Again, I am not suggesting that any of the above will happen, but that in some form they CAN happen. Thinking them through and developing paths forward would be helpful to Nvidia.
I am sure that Jensen has some of the smartest people in the world advising him, and a little unknown like me can be largely ignored. But here is something from John Chambers, Chairman Emeritus of Cisco Systems from his book, "Connecting the Dots."
"You have to compete in the moment but also rise above the short-term wins and problem to think 3, 5, and even 10 years out to pursue bigger and bolder dreams.

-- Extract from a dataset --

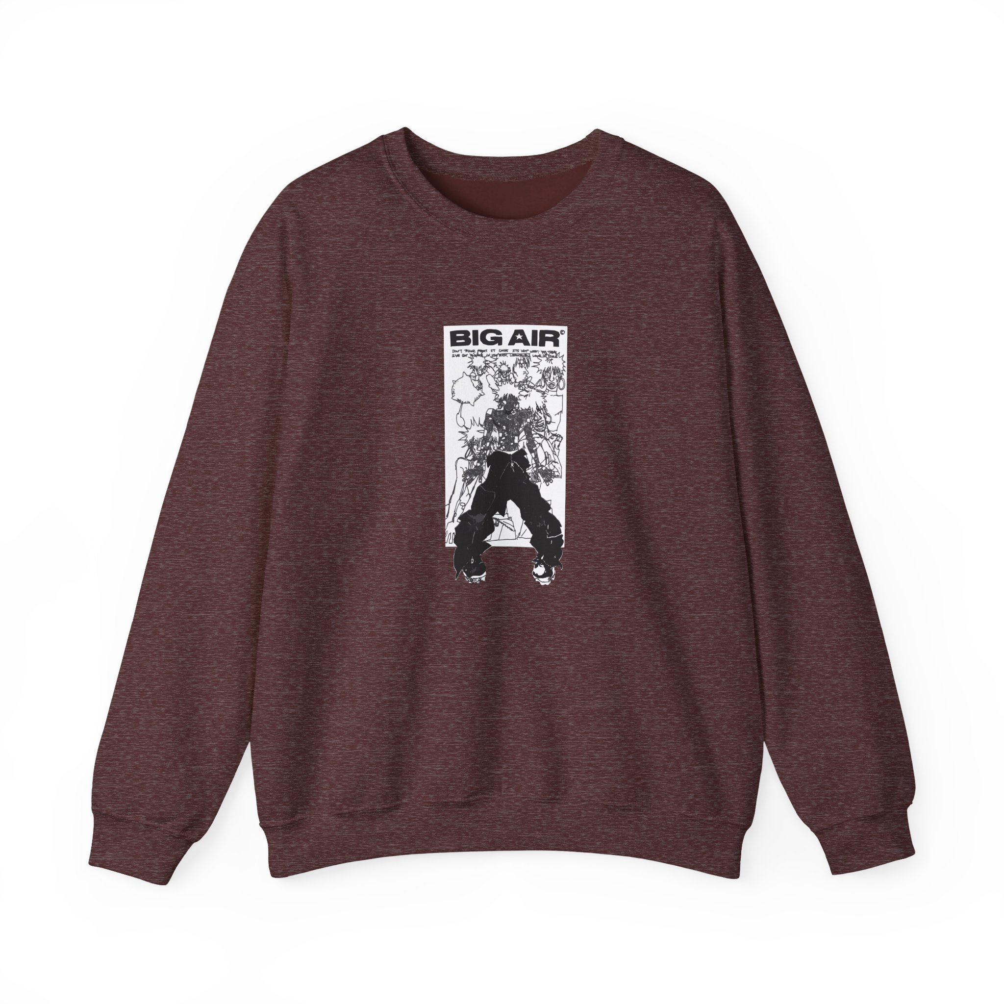 Ideal for any situation, a Ecco2k Big Air unisex heavy blend crewneck sweatshirt is pure comfort. These garments are made from polyester and cotton. This combination helps designs come out looking fresh and beautiful. The collar is ribbed knit, so it retains its shape even after washing. There are no itchy side seams on these sweaters.

At Cisco, we were sometimes too early or we took on too much, but the reason we ultimately stayed on top is that we focused on connecting the dots. We developed a playbook for everything from how we acquired companies to how we managed people, how we dealt with customers to how we digitized countries."
This is the kind of thinking that both micro and macro scenario analysis tools can help with. Micro scenarios target smaller areas like product market evolution. Macro scenarios look at the broader forces shaping the larger business environment. Having both types in dialogue with each other in the strategy process of a company is how playbooks that Chambers is talking about get developed.